Lynnette Reese (LR), Embedded Systems Engineering:

Why not just create a script that fakes inputs from a large number of devices? More IoT just creates more traffic, right?

Anand Kameswaran (AK), KnowThings.io: That sounds good on the face of it, but IoT doesn’t work that way past the first layer. There’s much more to a live, inter-integrated IoT ecosystem than simulating sensors spinning out data. We wanted a way to test an entire IoT network, interacting with a cloud and potential latencies, against as much chaos that real-world scenarios can throw at an engineer who’s trying to make sure that an automated 10 plate juggling act scales to 10,000 plates, including a database, cloud, and multiple IP addresses.
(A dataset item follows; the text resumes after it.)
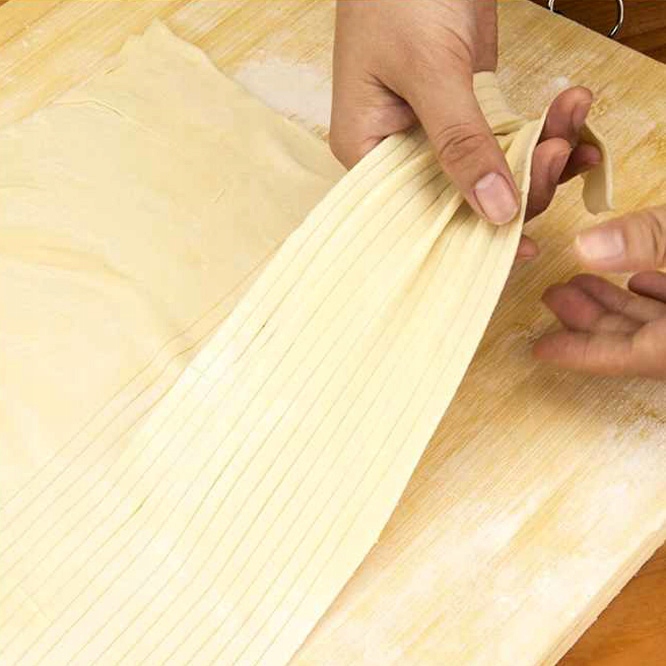 - Рухомі леза у формі колеса точно нарізають макаронне тісто на рівні смужки

Faking 10,000 sensors can be done manually using a computer to spit out data. However, not only does that approach take time and a potential learning curve, it’s also coming from one source, and the data is not varying naturally as it would with a machine-learning algorithm to simulate realistically. The ability to generate realistic data scenarios for our customers is one of our unique value propositions. This includes factoring for latency, environmental factors, the correlation between them and the IoT data, as well as replicating the real data that can be predicted to be accurate over an extended period. In addition, the ability to generate a large amount of data (for example, one year’s worth of data) within a brief period is very valuable for customers who want to use a huge quantity of data to qualify and make decisions on their predictive analytic systems under test.

The IoT Virtualizer saves time and helps you find issues that you didn’t know you would or could have at scale. It allows IoT developers to build robust code by testing from the ground up and helps testers find out what they don’t know. Someone said, “There are things we know that we know. And there are known unknowns, which just means that there are things that we now know we don’t know. But there are also unknown unknowns.” And this is what KnowThings provides, a look into testing what we do not know that we don’t know.

LR: I think that was Donald Rumsfeld, talking about national security.

AK: Yes, that sounds right. But it’s true. You cannot test for what you don’t know can possibly happen at higher levels, after everything is online and interconnected. Abstractions aside, it’s just smart to test thoroughly, and simulation and machine-learning are our core competencies.

LR: Speaking of security, how does the self-learning IoT Virtualizer help with security?

AK: We take security seriously and are working on that, with plans to add the ability to deal with encrypted data streams in our next major release. But first we had to get the tool working solidly for as many IoT industries and scenarios as possible. Another interesting angle for security is testing the whole system and how the entire system in action reacts to hacking attempts. If a node is overwhelmed, will the security you have in place work the same as you planned when it had only a couple of requests a second? Our tool creates realistic, dynamic scenarios in which to test security hypotheses. In addition, working with our customers, we found some creative ways to detect phone home and back-door security exploits that we are hoping to market in the future.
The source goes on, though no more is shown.